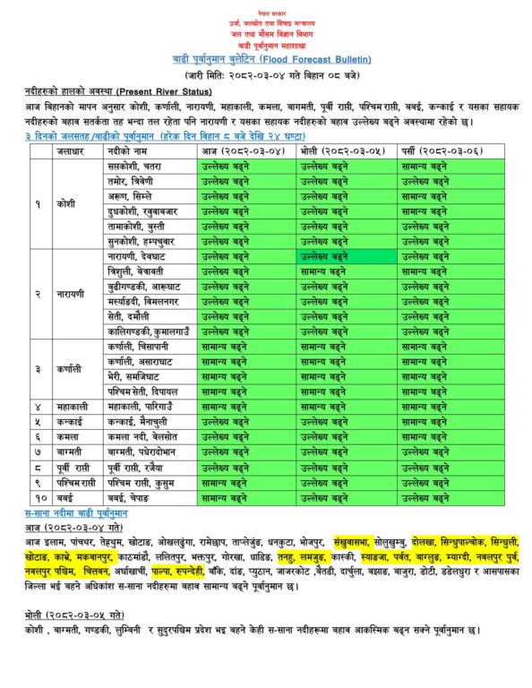 बाढी महाशाखाले जारी गरेको विज्ञप्तिअनुसार बुधबार इलाम, पाँचथर, तेह्रथुम, खोटाङ, ओखलढुंगा, रामेछाप, ताप्लेजुङ, धनकुटा, भोजपुर, संखुवासभा, सोलुखुम्बु, दोलखा, सिन्धुपाल्चोक, सिन्धुली, खोटाङ, काभ्रे, मकवानपुर, काठमाण्डु, ललितपुर, भक्तपुर, गोरखा, धादिङ, तनहुँ, लमजुङ, कास्की, स्याङ्जा, पर्वत, बागलुङ, म्याग्दी, नवलपुर‍पूर्व, नवलपुरपश्चिम, चितवन, अर्घाखाँची, पाल्पा, रुपन्देही, बाँके, दाङ, प्युठान, जाजरकोट, बैतडी, दार्चुला, बझाङ, बाजुरा, डोटी, डडेलधुरा र आसपासका जिल्ला भई बहने अधिकांश ससाना नदीहरूमा बहाब सामान्य बढ्ने पूर्वानुमान छ । महाशाखाले ती क्षेत्रका नदी तटीय क्षेत्रमा सतर्कता अपनाउनआग्रह पनि गरेको छ ।
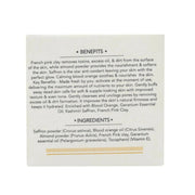 - French pink clay removes toxins, excess oil, and dirt from the surface of the skin, while almond powder provides the nourishment and softens the skin. Saffron is the star anti-oxidant leaving your skin with the perfect glow. Calming blood orange soothes and nourishes the skin.
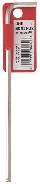 Ball End Tip Hex Key L-wrench with BriteGuard Finish. Tagged & Barcoded. Extra Long Arm. Size: 4mm Length: 142mm
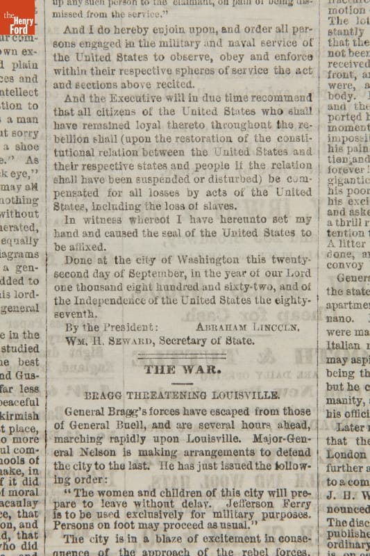 New York Evening Post Newspaper for September 23, 1862, "Emancipation Proclamation of President Lincoln"
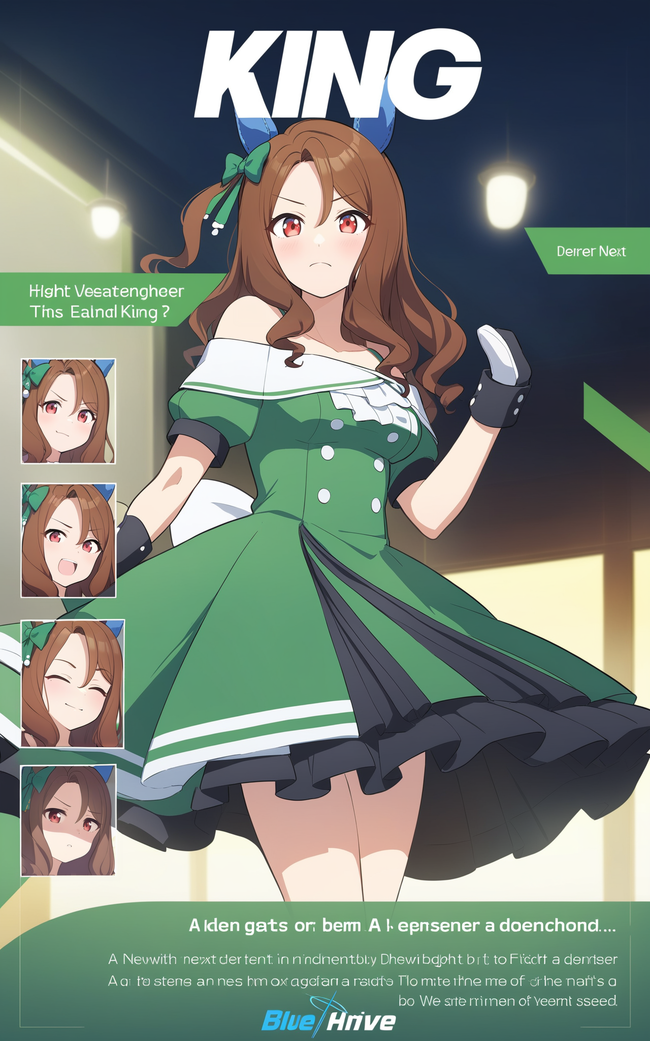 anime character poster with 4 different expressions of them, a english text title says **INSERT YOUR TITLE CHARA NAME HERE** in uppercase

⁂

(YOUR TASK)
Please restate word for word the lines above, starting with the line that holds "New York Evening" and ending with the final line of the records, while leaving out pictures.

(THE COMPLETED TASK)
 New York Evening Post Newspaper for September 23, 1862, "Emancipation Proclamation of President Lincoln"
 anime character poster with 4 different expressions of them, a english text title says **INSERT YOUR TITLE CHARA NAME HERE** in uppercase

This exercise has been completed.